This is really three stories in one. One, the president seems to have violated at least the spirit a campaign promise. Two, the president has employed a technicality to get around an overt ethical reversal. And three, one of the most left-leaning, Obama-supporting mainstream media outlets uncovered, investigated and is reporting on the story.
The first two stories are unfortunately not unique as politicians break promises and crawl through ethical loopholes all the time. But the New York Times questioning Mr. Obama's ethics might be bigger news than the broken promise itself. From the article:
But registered or not, the bundlers are in many ways indistinguishable from people who fit the technical definition of a lobbyist. They glide easily through the corridors of power in Washington, with a number of them hosting Mr. Obama at fund-raisers while also visiting the White House on policy matters and official business.

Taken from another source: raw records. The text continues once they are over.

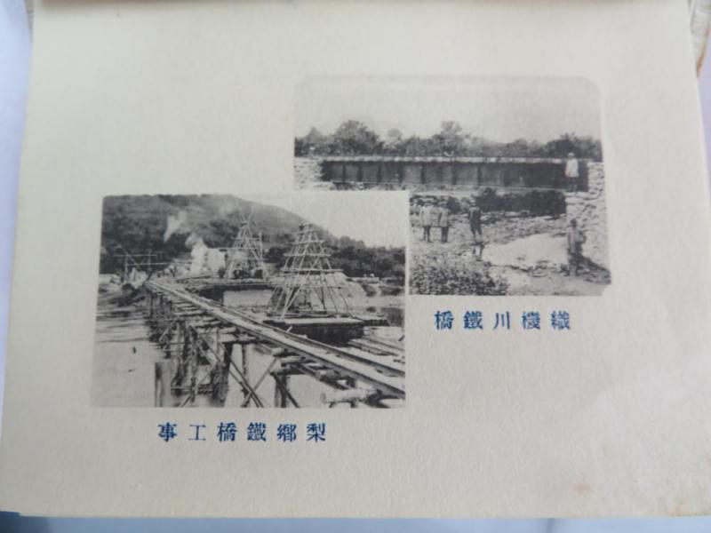 この記念カードには宝物のような写真がたくさんあります。これもその中の一枚です。「織機川鉄橋」と「梨郷鉄橋工事」のキャプションがあります。梨郷鉄橋は、現在は「松川橋梁」と呼んでいる鉄橋で、フラワー長井線を代表する撮影スポットの一つです。翌年(大正3年)の梨郷〜長井間の開通に向けて、建設が急ピッチで進められていたようです。鉄橋がカーブしている様子も見えます。 【資料提供:ふるさと資料館・時代のわすれもの(南陽市宮内)】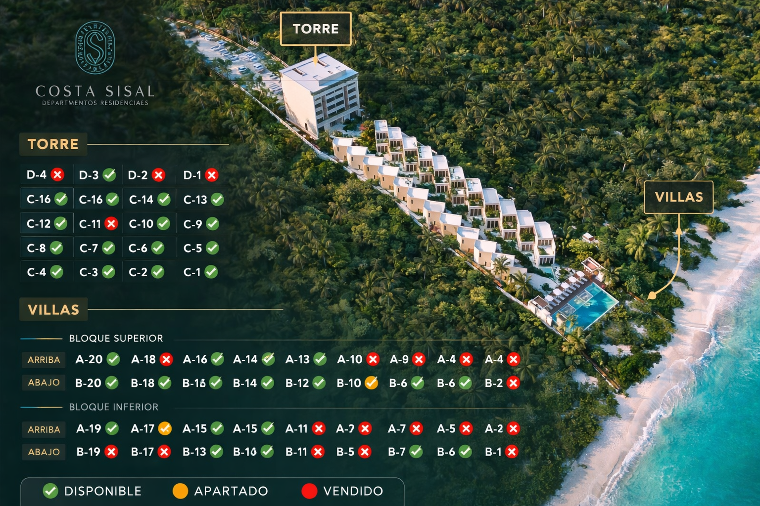 Apartamentos en venta en Sisal, Yucatán | disponibilidad e inventario Costa Sisal
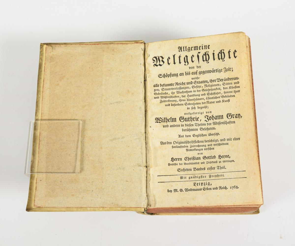 "von der Schöpfung an bis auf gegenwärtige Zeit : which comprehends all known empires and states, their changes, constitutions, laws, religions, manners and customs, their growth in learning, the arts and sciences, commerce and navigation, together with their chronology, their antiquities, public buildings and particular rarities of nature and art".
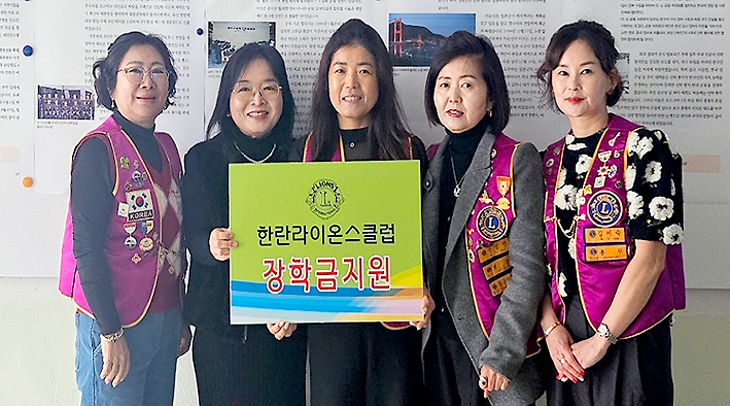 국제라이온스협회 354-G지구 한란라이온스클럽(회장 김정림)은 지난 15일 회원들이 참석한 가운데 제주대학교 사범대학부설고등학교를 방문해 미래를 이끌어갈 인재로 성장하길 바란다는 뜻을 담아 장학금을 전달했다.

While the story mentions that ethics watchdogs credit the president with "raising ethical standards in Washington" by barring official lobbyists from contributing to his campaign and holding jobs in his administration, it goes on to say:
[T]he prevalence of major Obama fund-raisers who also work in the lobbying arena threatens to undercut the president’s ethics push, raising questions about whether the campaign's policies square with its on-the-ground practices, some of those same watchdogs say.
Could this be an indication that the mainstream media in general and the New York Times in particular may cover the 2012 election in at least a slightly less biased fashion than it covered the 2008 contest? Stay tuned.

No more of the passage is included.